Proud to be White!

Donna Chirico (April 29, 2012)
When did we become the White privileged? When did we leapfrog over our fellow tenement dwellers to a position of lofty self-righteousness? When did we lose sight of our own immigrant heritage of discrimination and exploitation?



"Proud to be White!" is the subject line of an email that keeps bubbling up from the cesspool of Internet disinformation.  In 2007, Michael Richards’ name was added to the email claiming the assertions are part of his defense statement at a trial resulting from racist comments made while performing at the Laugh Factory (in November 2006).  The truth is there was no such trial nor are the statements those of Richards.  The aim of the email is to legitimize the anti-Black and anti-Hispanic sentiments expressed behind closed doors by declaring, “There is nothing improper about this e-mail.”  The tirade challenges the notion of white privilege as expressed in models such as critical race theory where white supremacy is seen as ingrained in American society and used to perpetuate the second-class citizenry of minority groups such as Blacks and Latinos.  Whites are not racists they are only seen to be so when they try to salvage their entitlements without having to share them. 

 

The email has been aggrandized in its latest manifestations to bring Jews and Muslims into the harangue.

 

You have Martin Luther King Day.

You have Black History Month.

You have Cesar Chavez Day.

You have Yom Hashoah.

You have Ma'uled Al-Nabi.

 

The convoluted logic of the email maintains that while others are free to have days that celebrate their cultural pride, if Whites tried to do this, “we” would be seen as racist. 

 

I note that Columbus Day is not included.
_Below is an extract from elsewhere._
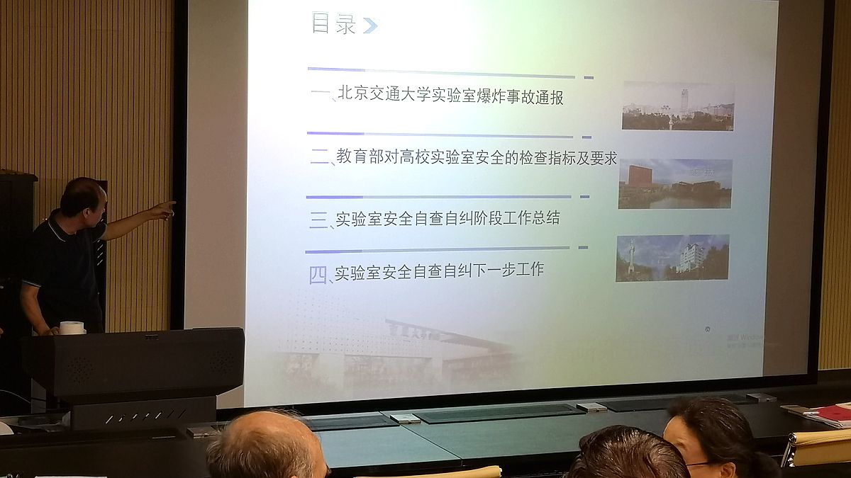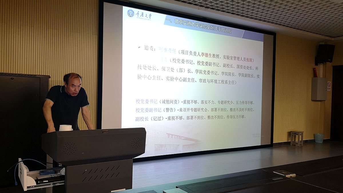 刘占芳首先传达了周一学校召开的实验室安全工作会暨教育部2019年度高校科研实验室安全检查工作推进会的会议精神。他首先向全体教职工通报了北京交通大学“12.26实验室爆炸事故”及调查的事故原因,并指出一定要吸取教训,避免此类事故的发生。接着他介绍了教育部对高校实验室安全的检查指标及要求,并结合指标体系通报了学校2019年实验室技术安全自查自纠的情况,并对学院实验室存在的典型问题进行分析,部署了后续的隐患整改、迎检相关工作。他强调一定要落实安全责任制,各实验室负责人要重视实验室安全,严格落实实验室准入制度。同时各位老师要将教育部对于实验室的安全检查要求传达到每一位学生,全面做好各项工作,迎接教育部科研实验室的安全检查。

Perhaps this is why I received this email multiple times from individuals who present as Italian/American.  The latest came from one of my oldest and dearest friends, a person from the “old” neighborhood, a neighborhood of startling diversity.  The support for such outright drivel among Italian Americans is troublesome at many levels.  When did we become the White privileged?  When did we leapfrog over our fellow tenement dwellers to a position of lofty self-righteousness?  When did we lose sight of our own immigrant heritage of discrimination and exploitation?

 

The email gives the sender a chance to vent about a changing America and do so as a member of the historical White power monopoly, even though there is no basis for inclusion from the perspective of the Italian American immigrant experience.  The charges in the email are a denial of a past filled with hostility towards Italian immigrants.  It is easy to understand the psychic need for the rant in a world where political and economic control is still out of reach for the working and middle class, but disheartening to hear it from folks whose parents and grandparents were the targets of the same misguided rhetoric. 

 

This new American hate expressed by Italian Americans was vivid in their support of the recent failed presidential bid of Rick Santorum.  Backing a candidate whose ideology would have sent most Italian immigrants back where they came is a supreme act of self-deception.  By shifting allegiance to the Republican and Conservative parties, Italian Americans get to distance themselves from people of color.  Frank Sinatra and Ronald Reagan.  Gary Sinise and John McCain.  White by association if not by birthright.  Proud to be White and apparently not ashamed to be racist.